Locked in

Monday, 9 May 2016 

David Rowe, AFR

David Rowe, AFR

It is not right for Australians to be forced into a guessing game, and it’s not right for Australians to not face this year with certainty and stability. So in the interests of certainty, in the interest of transparency, in the interest of good governance, I have made the date clear today.

J Gillard, January 2013

Turnbull’s bold play came as the latest Newspoll showed his authority sliding, and his government wearing the costs of a perceived drift. Turnbull’s frustration at these perceptions has been as evident as it has been pointless. Having so many unknowns in play at once has done the new PM no favours.

This special sitting / early budget / early double-D election announcement will change all of that smartly.

Mark Kenny, 21 March

Poor polling is making the decision to defer the election until July look increasingly questionable.

Mark Kenny, one month later

This is the second election in a row that the date has been locked in well in advance. The key advantage of choosing an election date, so helpful to a Prime Minister’s authority, has been thrown away by Prime Ministers who desperately needed all the help they can get, because other concerns prevailed – namely the need to lock in a party behind them that was in danger of drifting and fragmenting beneath them.

It only took a few months before the Turnbull leadership was starting to lose momentum and making one of Australia’s most inept senior politicians seem influential again.

So calling back Parliament and fixing the election date was meant to bolster the Turnbull leadership by bringing the government together and focus its attention, rather than endorsing any program as such. It is why the length of campaign is inverse proportion to its interest, and why we are left with the impression that voters are being asked to trudge to the ballot box on 2 July to resolve an internal Liberal party dispute.

As has been nicely pointed out, the first day of the campaign was an anti-climax because in reality it is just another day in an ongoing campaign. Even Turnbull’s motivation for dumping Tony Abbott, a problem with the message and communication, was more the excuses given for dumping a campaign manager than a Prime Minister. The public may have been under the impression that Turnbull coming to the leadership would mean a change in agenda, but as with his last stint, he’s found it difficult and down his personal polling goes – proving, despite what Keating thinks, a soufflé can not only rise twice but fall twice as well.

Turnbull has been bound by three factors. The first is the Liberal’s need for a defining agenda which hampers Turnbull’s need to try and muddy it and move away from the redundant traditional right agenda of the party.
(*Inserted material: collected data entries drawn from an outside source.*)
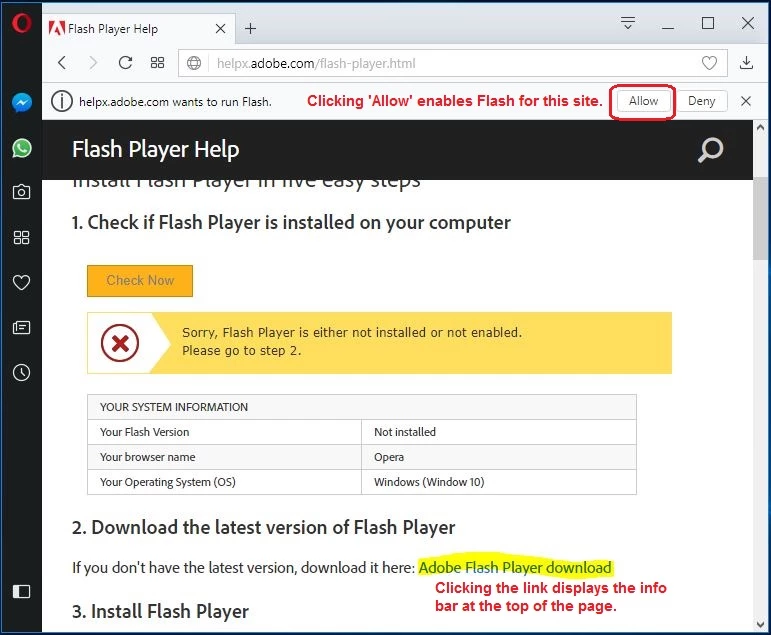 Opera is a fork of Chromium and recently implemented Flash click-to-play, which forces users to 'allow' Flash for each site.  The implementation for this can vary by site.  For example. if you go to https://helpx.adobe.com/flash-player.html and click 'Check Now', the widget may indicate Flash Player is either not installed or not enabled.  Click the 'Adobe Flash Player download' link displays the info bar asking if the user wants to enable Flash for the site:
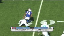 Bills Tyrod Taylor finds Sammy Watkins for a gain of 38 yards. The catch puts Watkins over 1,000 yards receiving this season.
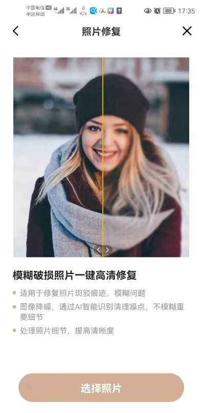 【照片修复】借助AI技术,一键实现对带有划痕破损、模糊不清以及低分辨率等问题的老照片进行高清修复,显著提升照片质感,令照片重焕生机。
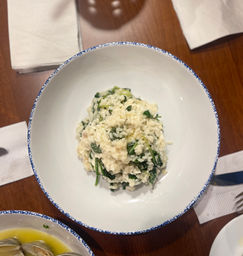 Creamy risotto with sweet and spicy veal sausage, shiitake mushrooms and smoked Mozzarella.
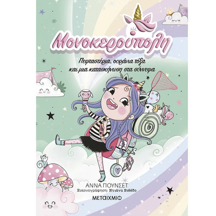 Στο πέμπτο βιβλίο της σειράς η Ana Punset μας ταξιδεύει στη Μονοκερούπολη που αυτή τη φορά αποκαλύπτει το πιο ονειρεμένο της πρόσωπο. Η κατασκήνωση βρίσκεται ψηλά στα σύννεφα και οι σκηνές αιωρούνται πάνω από τον ουρανό σαν αφράτο βαμβάκι. Τα ουράνια τόξα είναι τόσο κοντά ώστε μπορείς να τα αγγίξεις με το δάχτυλο και κάθε γωνιά φωτίζεται από πεφταστέρια.
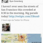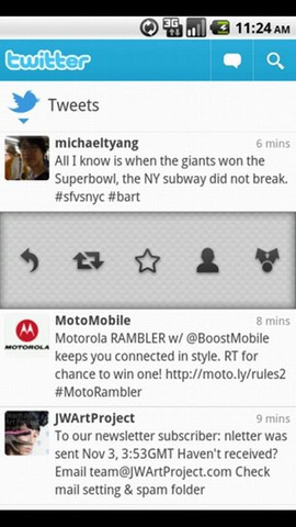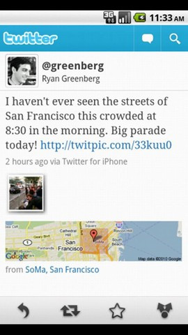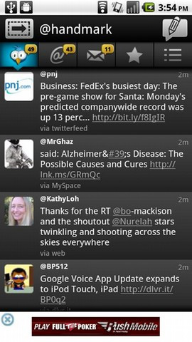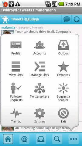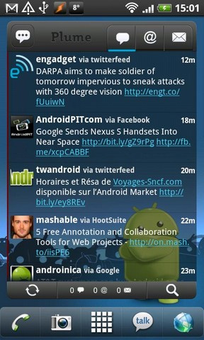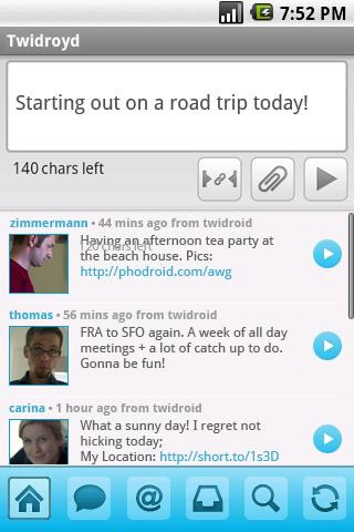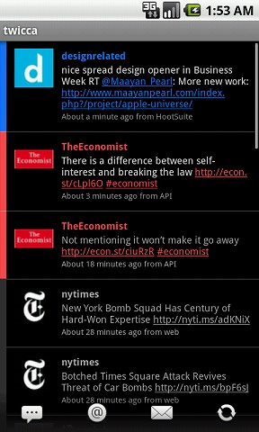 4. twicca Durch seine dunkle Gestaltung ist die Nutzung von twicca besonders akkuschonend. Aber das ist nicht das Einzige, womit diese Twitter App punkten kann. Alle denkbaren Funktionen sind mit an Bord und sie bietet auch die Möglichkeit, Tweets mit Geodaten anzureichern und damit an einen bestimmten Ort zu koppeln. Bereits mehr als 350.000 Downloads sprechen für die Qualität von twicca, die ebenfalls kostenlos aus dem Android Market heruntergeladen werden kann. Für twicca sind bereits diverse Zusatz-Plugins erschienen, mit denen der Zugriff auf weitere soziale Netze wie Flickr, Facebook oder Picasa ermöglicht wird.
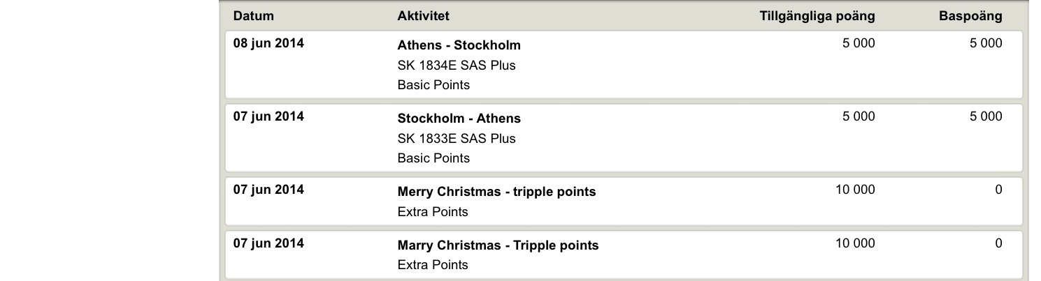 Poängen för resan dök upp på kontot idag, dock inga trippla poäng. Väntar någon dag med att skriva ett brev...
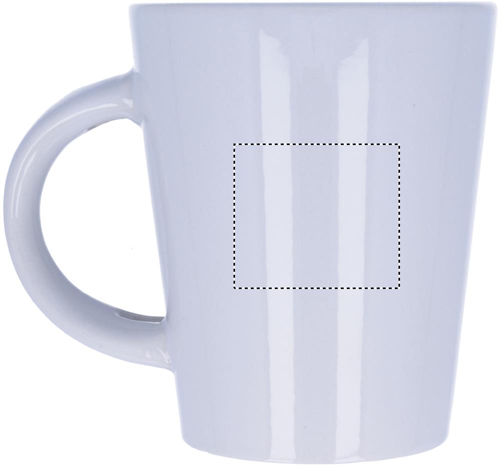 Stoneware mug of 300 ml capacity with special coating for sublimation printing. It has a spoon on handle. Individual packing in white carton box.
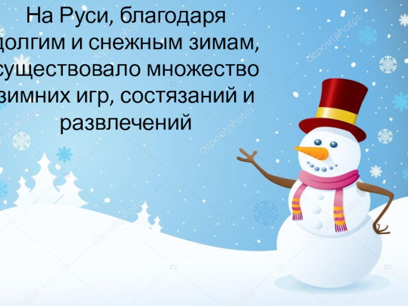 Слайд 2На Руси, благодаря долгим и снежным зимам, существовало множество зимних игр,
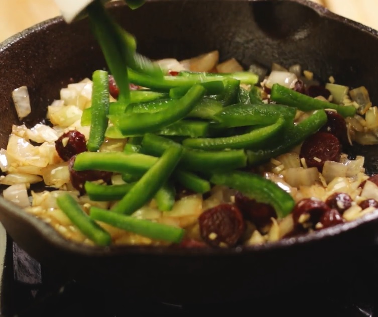 Add garlic, onion, and bell peppers and continue sautéing until fragrant and translucent.
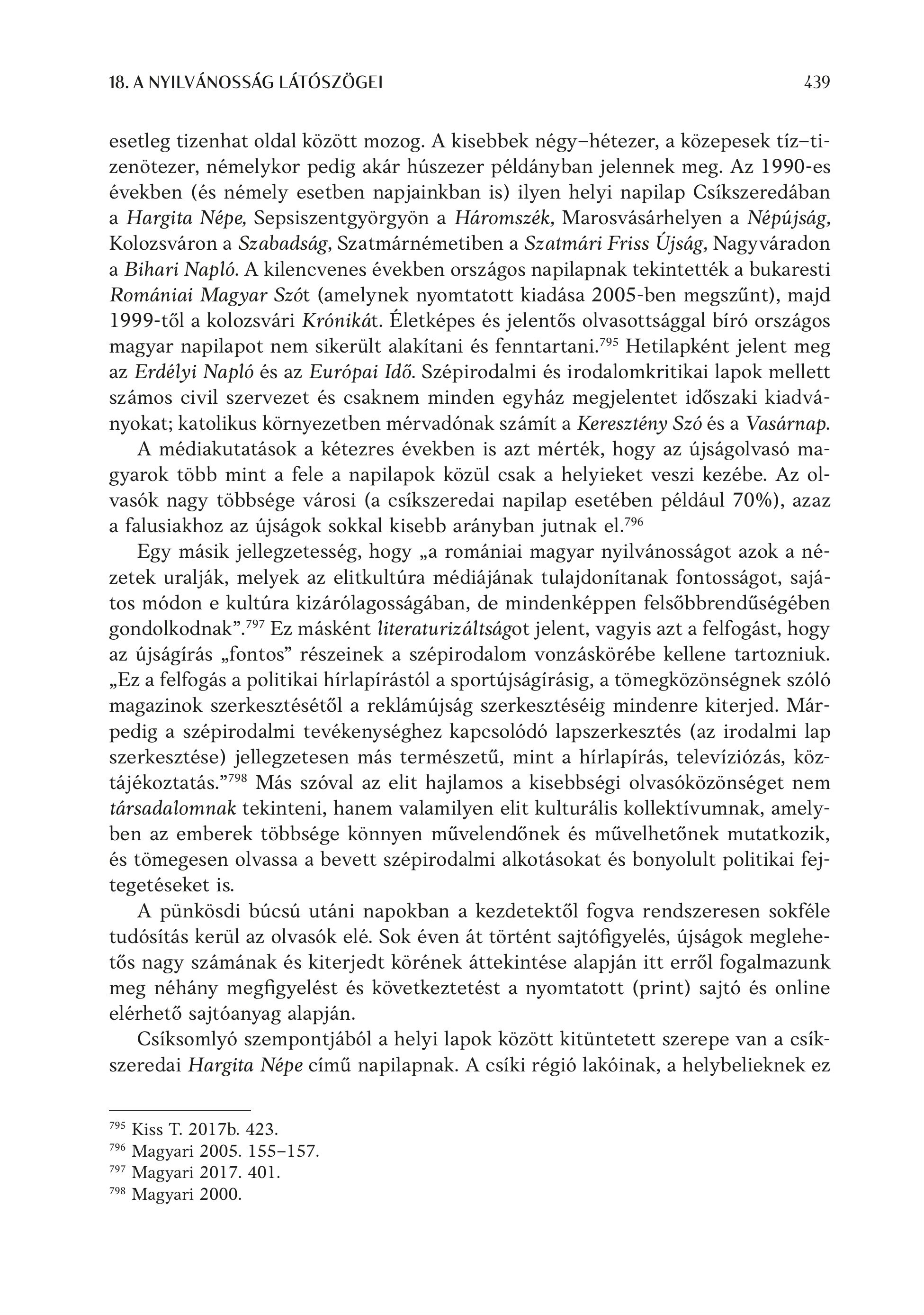 18. A NYILVÁNOSSÁG LÁTÓSZÖGEI 439 esetleg tizenhat oldal között mozog. A kisebbek négy-hétezer, a közepesek tíz-tizenötezer, némelykor pedig akár húszezer példányban jelennek meg. Az 1990-es években (és némely esetben napjainkban is) ilyen helyi napilap Csíkszeredában a Hargita Népe, Sepsiszentgyörgyön a Háromszék, Marosvásárhelyen a Népújság, Kolozsváron a Szabadság, Szatmárnémetiben a Szatmári Friss Újság, Nagyváradon a Bihari Napló. A kilencvenes években országos napilapnak tekintették a bukaresti Romániai Magyar Szót (amelynek nyomtatott kiadása 2005-ben megszűnt), majd 1999-től a kolozsvári Krónikát. Életképes és jelentős olvasottsággal bíró országos magyar napilapot nem sikerült alakítani és fenntartani." Hetilapként jelent meg az Erdélyi Napló és az Európai Idő. Szépirodalmi és irodalomkritikai lapok mellett számos civil szervezet és csaknem minden egyház megjelentet időszaki kiadványokat; katolikus környezetben mérvadónak számít a Keresztény Szó és a Vasárnap. A médiakutatások a kétezres években is azt mérték, hogy az újságolvasó magyarok több mint a fele a napilapok közül csak a helyieket veszi kezébe. Az olvasók nagy többsége városi (a csíkszeredai napilap esetében például 7090), azaz a falusiakhoz az újságok sokkal kisebb arányban jutnak el." Egy másik jellegzetesség, hogy ,a romániai magyar nyilvánosságot azok a nézetek uralják, melyek az elitkultúra médiájának tulajdonítanak fontosságot, sajátos módon e kultúra kizárólagosságában, de mindenképpen felsőbbrendűségében gondolkodnak"."" Ez másként literaturizáltságot jelent, vagyis azt a felfogást, hogy az újságírás , fontos" részeinek a szépirodalom vonzáskörébe kellene tartozniuk. magazinok szerkesztésétől a reklámújság szerkesztéséig mindenre kiterjed. Márpedig a szépirodalmi tevékenységhez kapcsolódó lapszerkesztés (az irodalmi lap szerkesztése) jellegzetesen más természetű, mint a hírlapírás, televíziózás, köztájékoztatás.""" Más szóval az elit hajlamos a kisebbségi olvasóközönséget nem társadalomnak tekinteni, hanem valamilyen elit kulturális kollektívumnak, amelyben az emberek többsége könnyen művelendőnek és művelhetőnek mutatkozik, és tömegesen olvassa a bevett szépirodalmi alkotásokat és bonyolult politikai fejtegetéseket is. A pünkösdi búcsú utáni napokban a kezdetektől fogva rendszeresen sokféle tudósítás kerül az olvasók elé. Sok éven át történt sajtófigyelés, újságok meglehetős nagy számának és kiterjedt körének áttekintése alapján itt erről fogalmazunk meg néhány megfigyelést és következtetést a nyomtatott (print) sajtó és online elérhető sajtóanyag alapján. Csíksomlyó szempontjából a helyi lapok között kitüntetett szerepe van a csikszeredai Hargita Népe című napilapnak. A csíki régió lakóinak, a helybelieknek ez 795 Kiss T. 2017b. 423. 796 Magyari 2005. 155-157. 797 Magyari 2017. 401. 798 Magyari 2000.
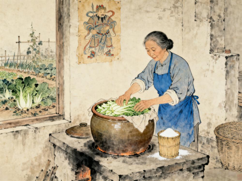 灶台上放着个大坛子,是去年腌菜剩下的,王婶早上已经把芥菜洗好晾着了。她把芥菜切好,撒上盐,一层菜一层盐地往坛子里码。正码到一半,邻居张婶在门口喊:“王婶,借你家的酱油用用,我家的没了。” 王婶应了声,赶紧出去给张婶拿酱油,忘了把坛子盖盖上。
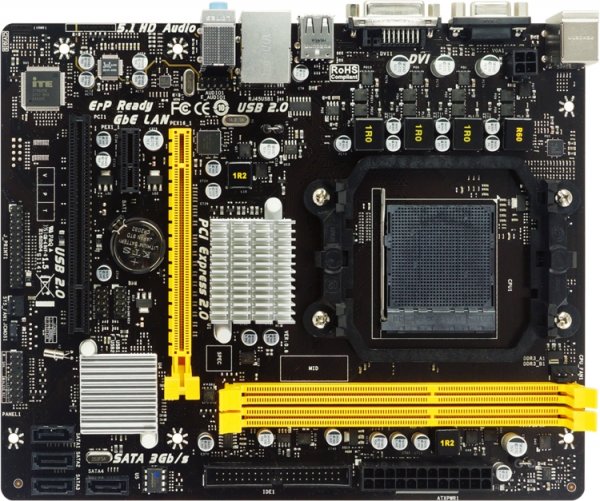 Плата полагается на системную логику AMD 760G / SB710. Решение соответствует типоразмеру Micro ATX (235 ? 190 мм), что позволяет сформировать довольно компактный компьютер.
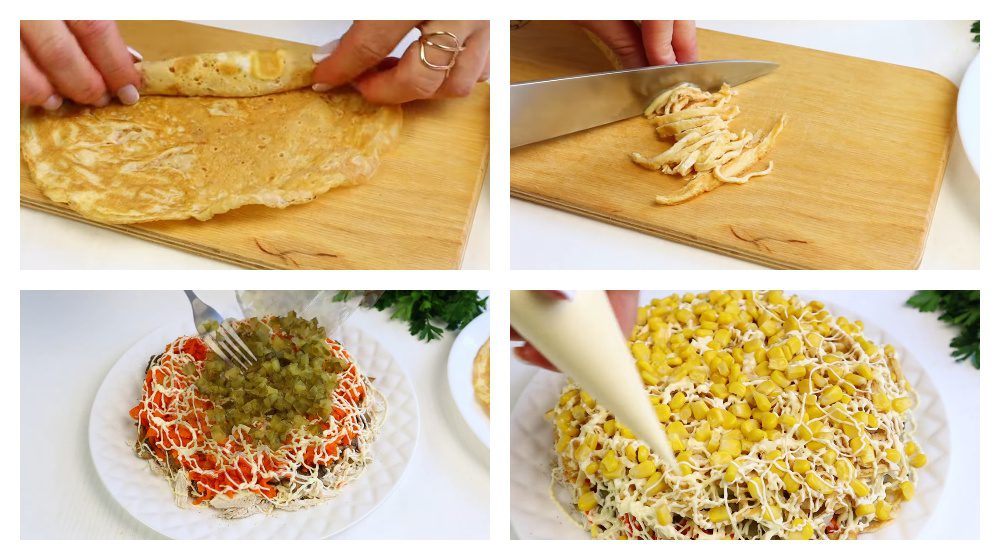 - Спочатку викладіть у блюдо шар м’яса, розібраного на волокна. Посоліть та поперчіть його. Далі потрібно викласти шар смажених грибів. Потім викладіть натерту на великій терці відварену моркву. Далі йде шар дрібно порізаних огірків, а потім викладіть відціджену від маринаду цибулю і, нарешті, яєчні смужки. Для прикрашання зверху усього викладіть кукурудзу та листочки петрушки.
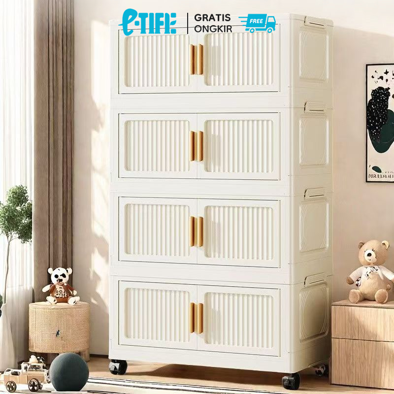 【2/3/4/5Susun】Lemari Pakaian Lipat Multifungsi Rak Penyimpanan Baju Lemari Plastik Susun Dengan Roda
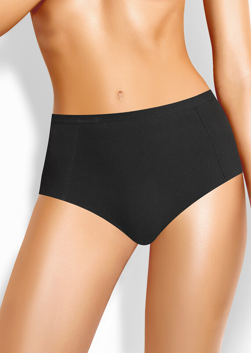 Трусы макси на высокой посадке из интерлока, состав 80% хлопок, 20% эластан. Боковые швы смещены в сторону переда, по ножке бесшовная обработка, полотно не распускается за счет особенностей плетения, по талии обработка жаккардовой резинкой.
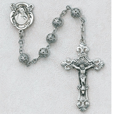 Rosario Plata Filagrana Con Centro Del Sagrado Corazón y Crucifijo De Plata 925 6mm
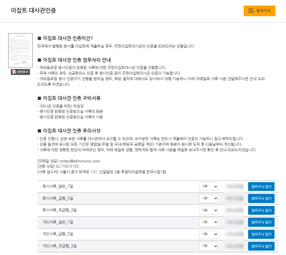 이집트 외에도 다른 국가의 대사관인증 대행이 가능하니
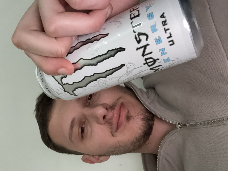 A male individual, estimated to be in his 20s or early 30s, is depicted in a close-up, upward-angled photograph, consistent with a selfie. He has short dark hair, light brown eyes, and stubble on his chin and upper lip. He wears a light beige or grey quarter-zip garment. The subject holds a white Monster Energy Ultra beverage can in his left hand, visible to the right of his face. The can displays the black Monster 'M' claw logo, 'ZERO SUGAR' text, and 'MONSTER ENERGY ULTRA' in light blue lettering; condensation is present on its surface. The subject's gaze is directed towards the camera, and his lips are slightly pursed. The background is a plain, light-colored wall, providing no specific environmental details. The exact location within Sofia, Bulgaria, is not discernible from the image.
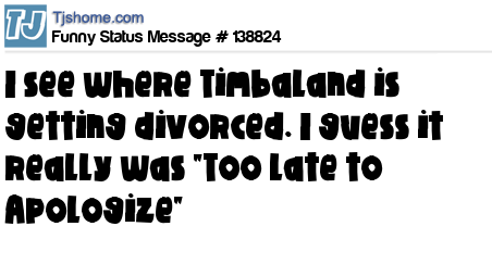 X says I see where Timbaland is getting divorced. I guess it really was "Too late to Apologize"
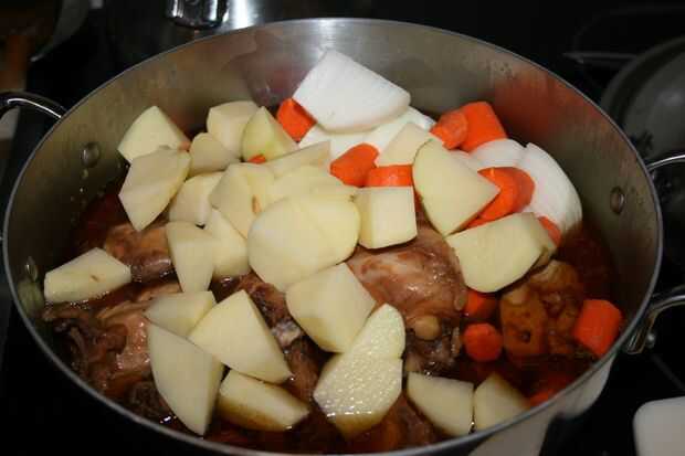 Compruebe el bote después de 30 minutos. Revuelva el pollo. Agregar papas, zanahorias y cebollas y revolver cuidadosamente asegurándose de que las verduras están bien sumergidas en el líquido parrillas inclinables. Cubierta. Continuar la cocción durante otros 20 minutos, o hasta que las verduras estén tiernas. Servir con arroz y no sea tímido acerca de tomar la cocedura líquido y verter sobre el arroz.
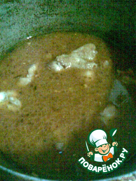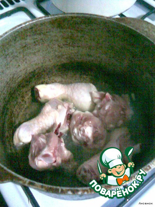 Голень рубим на 2 части, обжариваем (солим, перчим, добавляем любимые специи).
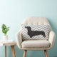 Silhouette noire de teckel sur un arrière - plan gris et blanc de motif de chevron.
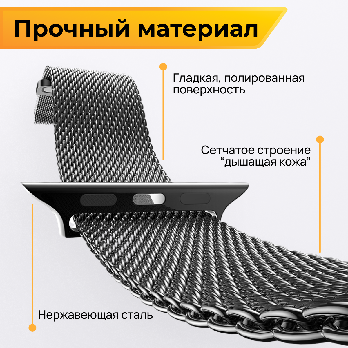 Металлический ремешок для фитнес браслета Xiaomi Mi Band 7 Pro Миланская петля / Браслет для смарт часов на магнитной застежке / Черный 1 063 ₽
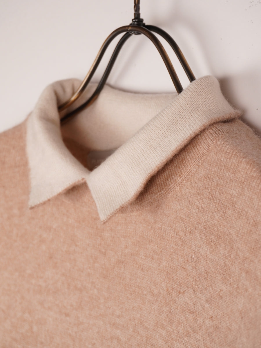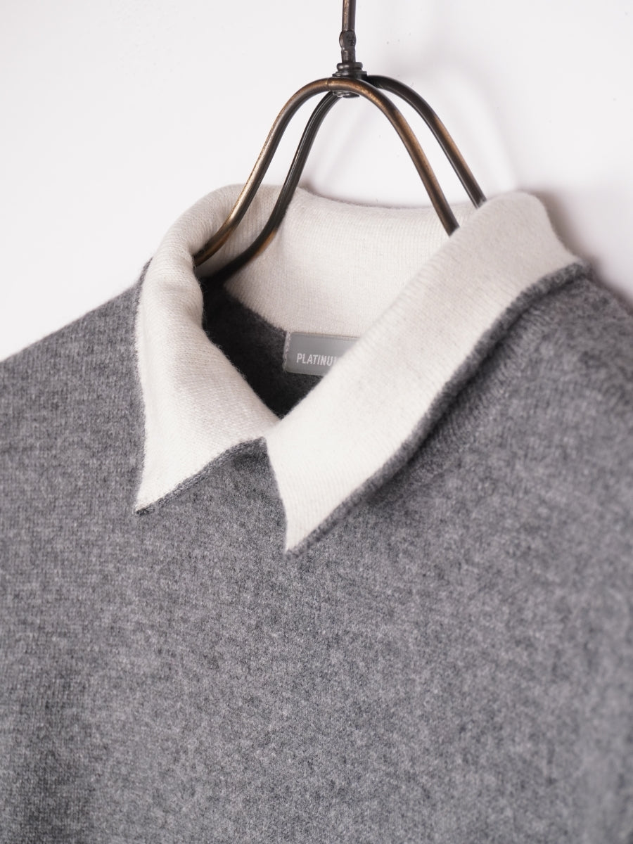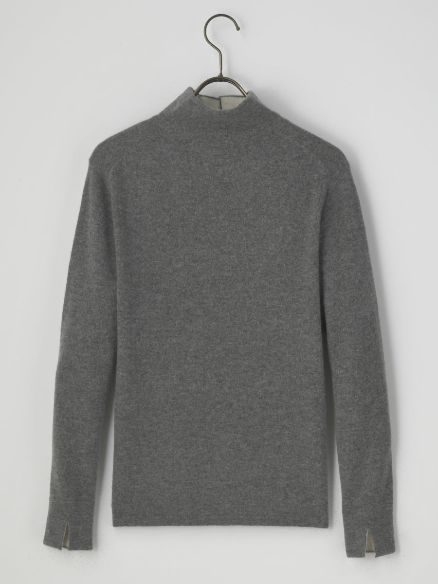 襟元と袖口にスリットを施したデザインプルオーバー。襟元を少し折り返すとミニポロカラーが完成します。幾つかのアレンジを楽しめます。

The importance of such branding has often been misunderstood, either treated as a policy option, or even more bizarrely, as a vote winner. But political parties are entities in their own right and Abbott, along with other conservatives, fulfil a real need and electoral relevance is secondary. Abbott is back where he is happiest, a perpetual opposition leader, and indeed the very loneliness of Abbott’s political outings just adds to the delusion of the Churchillian wilderness years he no doubt thinks he’s in.

Turnbull’s second problem is how he has taken it on. Not up-front, as Rudd did against the “old politics”, but rather to avoid it altogether through his own personal will to power and a belief that he can make the times exciting simply by saying it.

In this he was indulged by the media. The Age of Fabulousness, which ran roughly from his taking over the leadership in September to, well, sometime during the confusion over the GST in February, was a period of fulsome personal profiling and hopes that Turnbull would use his “political capital” to bring in reform. Broadly speaking, it was a time of revenge by the more technocrat commentators in the Fairfax stable against the pushing of Abbott by more conservative columnists in the Murdoch press.

These early supporters of Turnbull have also tended to be pushers of the need for “reform” and here we get to Turnbull’s third problem, the agenda it appears he wants to bring in. Just as Turnbull himself appears to be avoiding the political problem posed by his own party, so does the “reform” agenda also ignore political reality.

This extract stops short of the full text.